Standing there at the nurses' station, I was colder than I had been in the woods, in the blizzard.


"Well, the crazy sick son of a bitch didn't get any laughs from us,"


Huey said. "Not one smile. This young state trooper, he bolted from the house and threw up in the backyard."


"Where is Beezo, Huey?"


"Freezing to death in the woods, I hope."


"He didn't go back there for Nedra's Plymouth?"


"It's still in the garage."


"He's not in the woods, Huey."


"Maybe not," he admitted.


"If he made it back up to Hawksbill Road and someone came along, he could have hitched a ride."


"Who would be dumb enough to pick him up?"


"What ordinary decent person wouldn't pick him up on a night like this? You see a guy not dressed for the weather, maybe standing by the Hummer, you think he broke down. If you don't pick him up, he's likely to freeze. You don't say to yourself, Better not pick him up, he looks like a murderous clown."


"If he got a ride, he probably took the car."


"And the guy who gave him the ride is dead in the trunk."


"Hasn't been a murder in this town in thirty years that this creep and his son didn't commit."


"What now?"


"State police are thinking roadblocks. There's only five routes out of the county, and the snow already helps us."


"He won't leave tonight," I predicted. "He has unfinished business."


"I sure hope you're wrong about that."


"I have a built-in oven timer," I told him.


"You what?"


"When I've got something in the oven, I always check it five seconds before the timer goes off. Always. I instinctively know when something's finished baking-and when it's not. Beezo isn't done."


"You get that from your dad. He could have been a cop as easy as a baker. You too, maybe. Me, I had no choice."


"I'm scared, Huey."


"Yeah. Me too."


As I hung up the phone, a nurse arrived to inform me that Lorrie had given birth. "No complications," she said.
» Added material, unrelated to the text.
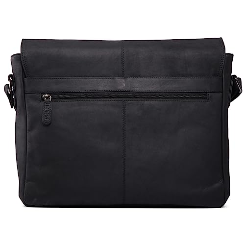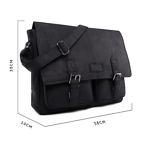 LEABAGS Borsa per documenti uomo e donna | Borsa per laptop in vera pelle fino a 15" | Borsa a tracolla con tracolla | Borsa messenger | Borsa da lavoro | Borsa per insegnanti | Natura Nera

Boy, could I have given her an earful.


In the delivery room, the red-haired nurse was at a basin in the corner, cleaning off our little miracle.


Mello Melodeon was waiting for Lorrie to expel the afterbirth, gently massaging her abdomen to control the flow of blood.


Whether or not I could have been a cop as easily as a baker, I could never have been a doctor. I'm not even a good patient.


The only thing preventing me from passing out and breaking my nose against the floor was the certainty that Grandma Rowena would toddle in here and take a picture of me. She would have a disposable camera tucked in a pocket of that snowsuit.


Using the photo as a pattern, she would needlepoint the scene of my humiliation on a pillow and give it a place of honor on the living-room sofa.


The head of the birthing bed had been elevated, so Lorrie was half sitting. She looked sweaty, sore, exhausted-and radiant.


"Well, there you are," she said. "I thought maybe you went off to have dinner."


Licking my lips, patting my belly, I said, "New York steak, baked potato, creamed corn, pepper slaw, and a slab of chocolate fudge gateau."


"When you make chocolate fudge gateau," Mello Melodeon asked, "do you always have to use ground almonds, or can you substitute hazelnuts?"


Lorrie said, "Good Lord, what does a girl have to do around here to be a star?"


Just then she expelled the afterbirth. There's some spectacle involved in this final bit of business, but it's not the stuff of stardom.